Practical Ecommerce

Ask an Expert: Why Isn’t Google Indexing All of My Site’s Pages?

“Ask an Expert” is an occasional feature where we ask ecommerce experts questions from online merchants. For this installment, we address a question about getting pages from an ecommerce site fully indexed by Google. It comes from Robert Mobberley, CEO of Performance Motorcare Products, a U.K.-based automotive parts and accessories retailer.

For the answer, we turn to Stephan Spencer. He is vice president of SEO strategies at Covario, an SEO technology firm, and a long-time contributor to Practical eCommerce on the subject of search engines and search engine optimization.

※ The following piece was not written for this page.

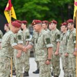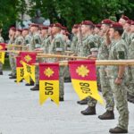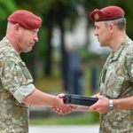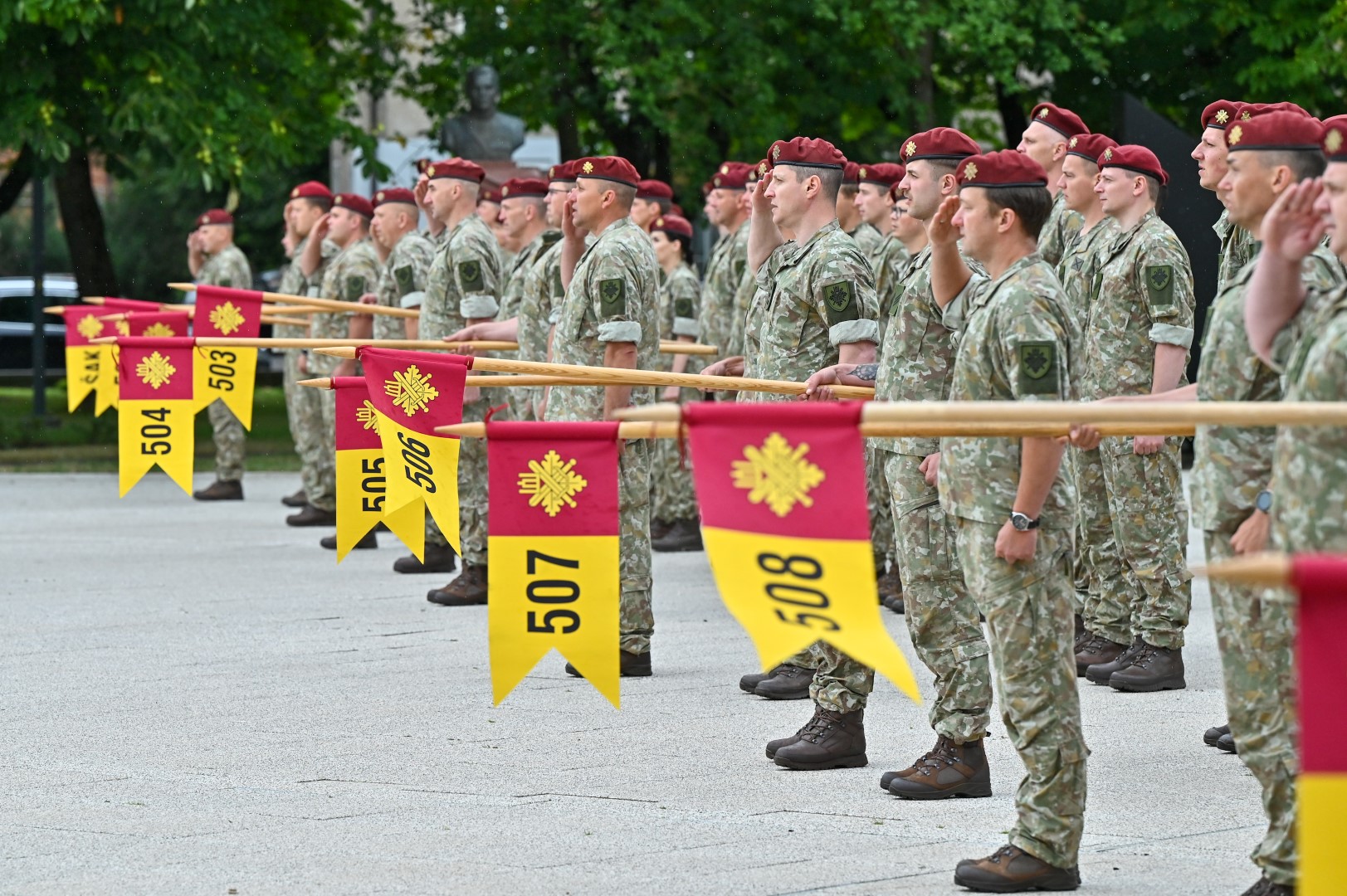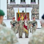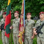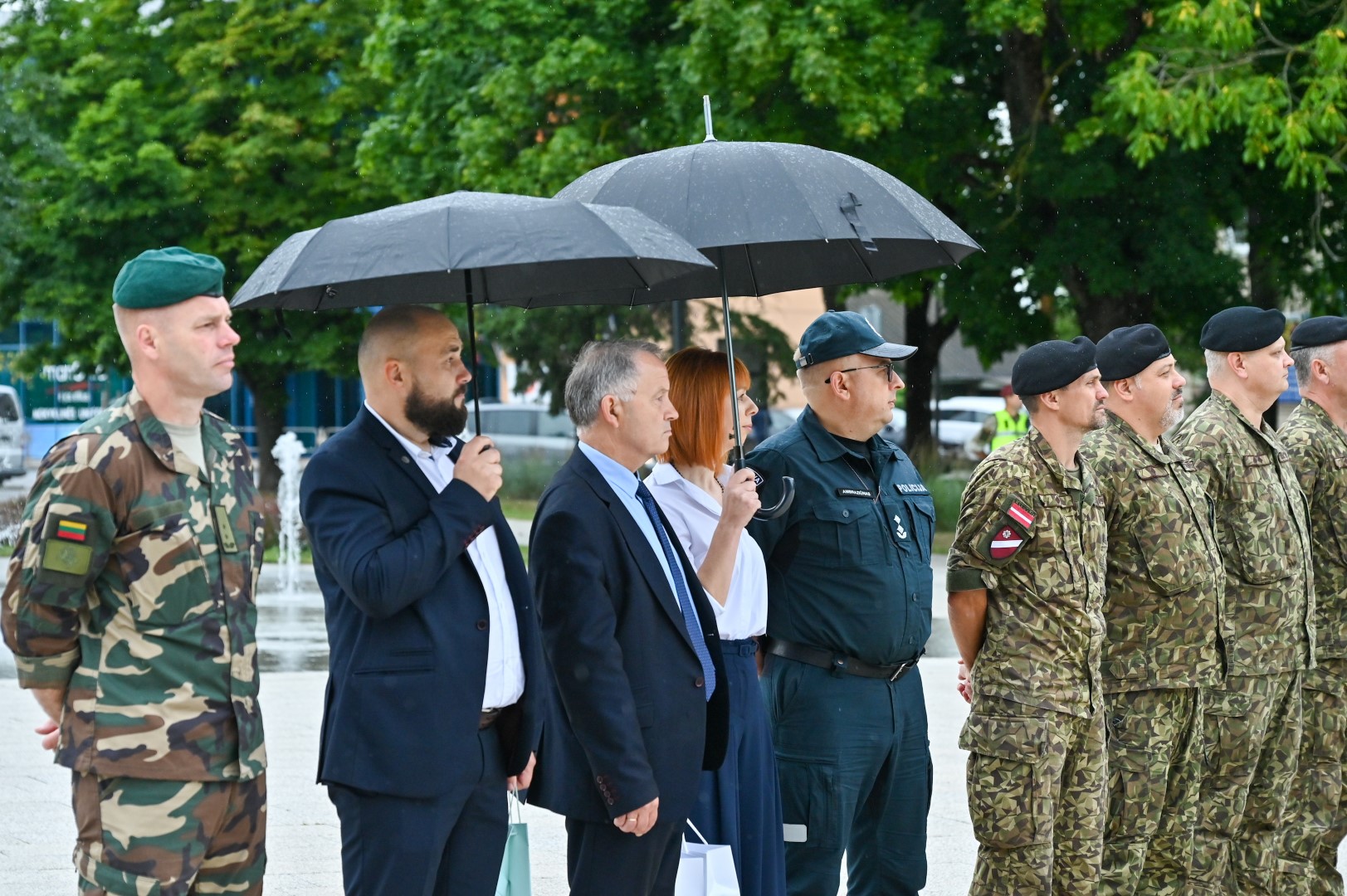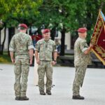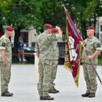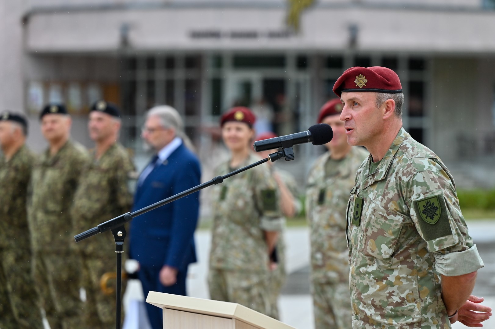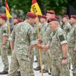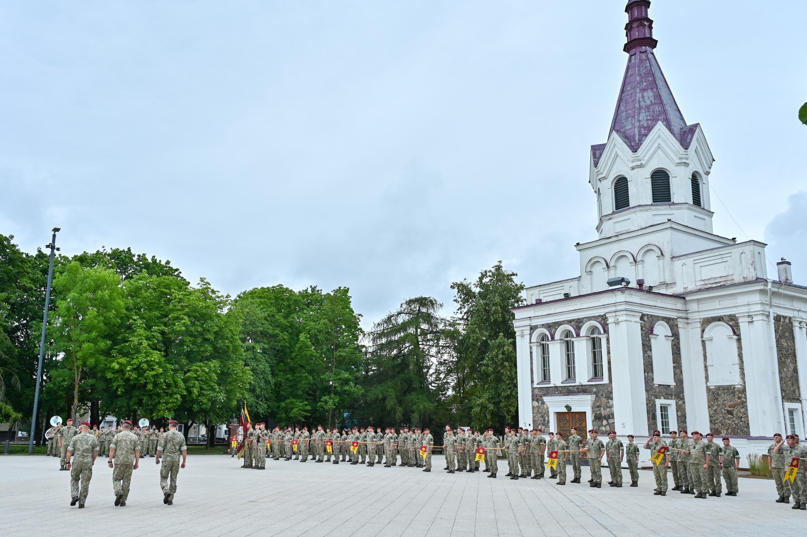 Krašto apsaugos savanorių pajėgų Vyčio apygardos 5-osios rinktinės vadas plk. ltn. Mindaugas Rekašius Rinktinės vėliavą perdavė įpėdiniui.

If you’d like to submit a question, email Kate Monteith, staff writer, at kate@practicalecommerce.com and we’ll attempt to address it.

Robert Mobberley

Robert Mobberley

Robert Mobberley: “We have spent a lot of time and effort on our organic SEO and are getting good results on the keywords that have been indexed. However we are aware that there are still a large number of our pages that have not yet been indexed by Google. What in order of priority are the top five (or more) key actions that our SEO manager should be looking to take to ensure these pages are indexed as soon as possible by Google?”

 

Stephan Spencer

Stephan Spencer

Stephan Spencer: “There isn’t a one-size-fits-all answer to your problem. Incomplete indexation is a very complex issue that requires further investigation and analysis before a course of action can be recommended. How much PageRank have you garnered from other sites linking to you? And how big is your site (i.e. number of pages)? The bigger the site, the more PageRank you need, and the more efficient you need to be in spreading that PageRank around.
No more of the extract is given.